В таком же духе прославляет Аристофан победу над персами и в «Осах» (1075—1090). Его идеалом является поколение «марафонских бойцов» («Облака», 986, «Всадники», 1334); он вспоминает подвиги и бескорыстие того времени, когда войском командовал благородный Миронид («Женщины в Народном собрании», 3 03 — 3 08, ср. «Лягушки», 1013 — 1017). Но, прославляя так прошлые времена, он этим самым не отвергает настоящего, а только хочет исправить его недостатки.
Наибольшей симпатией у него пользуется крестьянство, мелкие землевладельцы, граждане из класса зевгитов, которые несут всю тяжесть войны, составляя основное ядро войска.
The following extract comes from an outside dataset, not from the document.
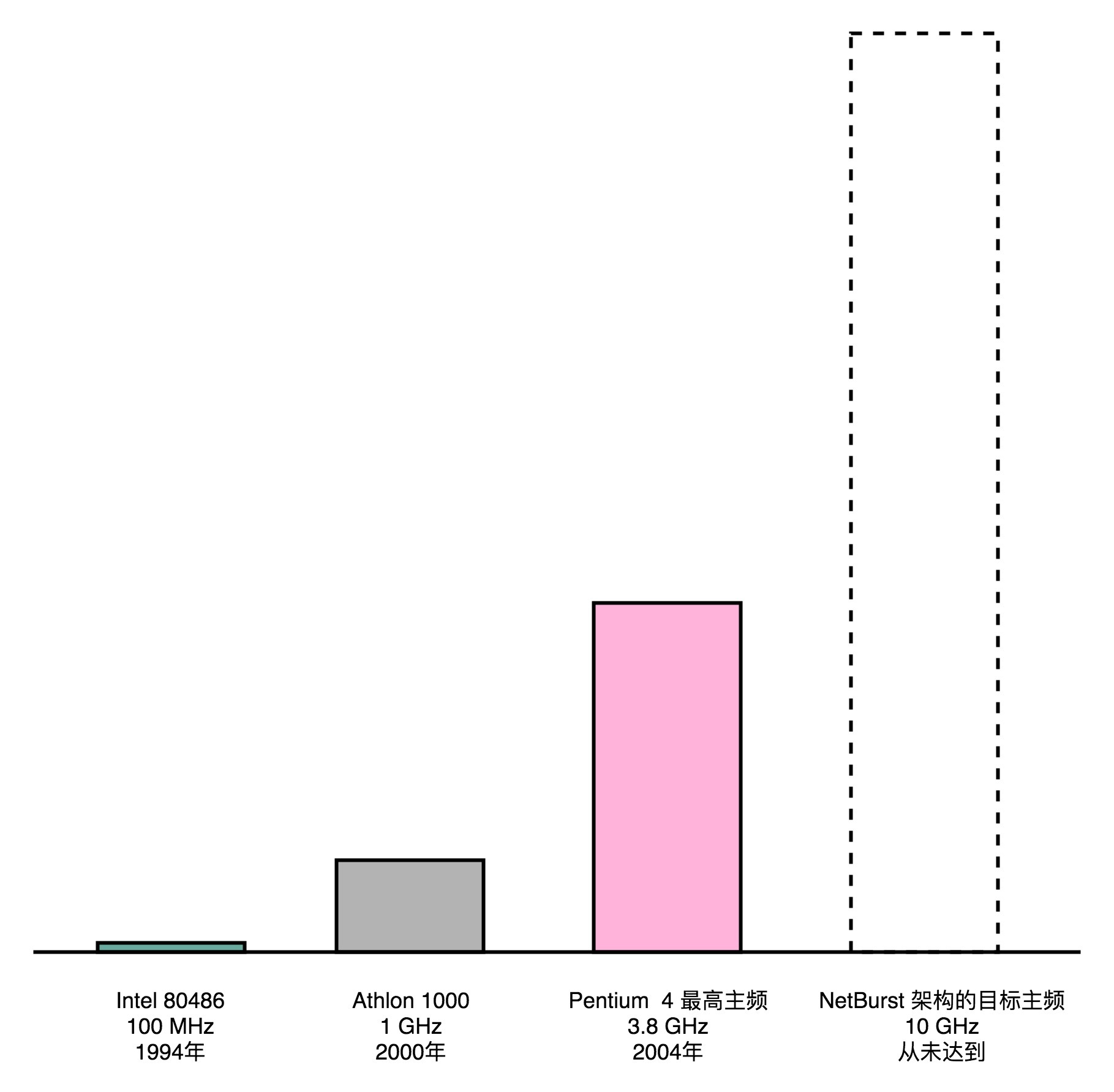 但是,跑分对于消费者来说还是太复杂了。在Pentium 4的CPU面世之前,绝大部分消费者并不是根据跑分结果来判断CPU的性能的。大家判断一个CPU的性能,通常只看CPU的主频。而CPU的厂商们也通过不停地提升主频,把主频当成技术竞赛的核心指标。

К этой категории принадлежит и хор ахарнских угольщиков — «заскорузлые старики, дубовые, неподатливые, прямые марафонские бойцы, крепкие, как вяз» («Ахарняне», 180 сл., ср. 696). Он ценит их трудолюбие, крепкую силу, твердый положительный характер, незаинтересованность в честолюбивых планах и рискованных предприятиях. Их созывает Хремил, чтобы поделиться с ними богатством («Богатство», 223 — 226).
Стоя на точке зрения этих людей, Аристофан ненавидит войну, которая нарушает их мирное благополучие, и тех деятелей, которые затевают войну. Теме мира он специально посвятил три комедии: «Ахарняне», «Мир» и «Лисистрата». Причиной войн Гермес в той же комедии называет корыстолюбие и эгоизм некоторых деятелей, в том числе Перикла (606), а особенно деятелей в Спарте и на островах. Это все ложится тяжелым бременем более всего на крестьян (625). Вину за бедствия, причиненные войной, Аристофан возлагает на демагогов, прежде всего на Клеона, самого выдающегося из них. Наиболее сильный удар против него направлен во «Всадниках». Всадники принадлежат к классу богатых людей. Однако они, как и крупные землевладельцы, заинтересованы в мире и составляют оппозицию против демагогов. Всадники, образующие в комедии хор, выступают против Пафлагонца-Клеона, отсюда вовсе не следует, что точка зрения поэта совпадала с идеологией этой группы: союз с ними только временный. Счастье простых земледельцев, которые могут вернуться к родному очагу и забыть невзгоды войны, Аристофан нарисовал идиллистиче-кими чертами в замечательной песне хора в «Мире» (1127—1190).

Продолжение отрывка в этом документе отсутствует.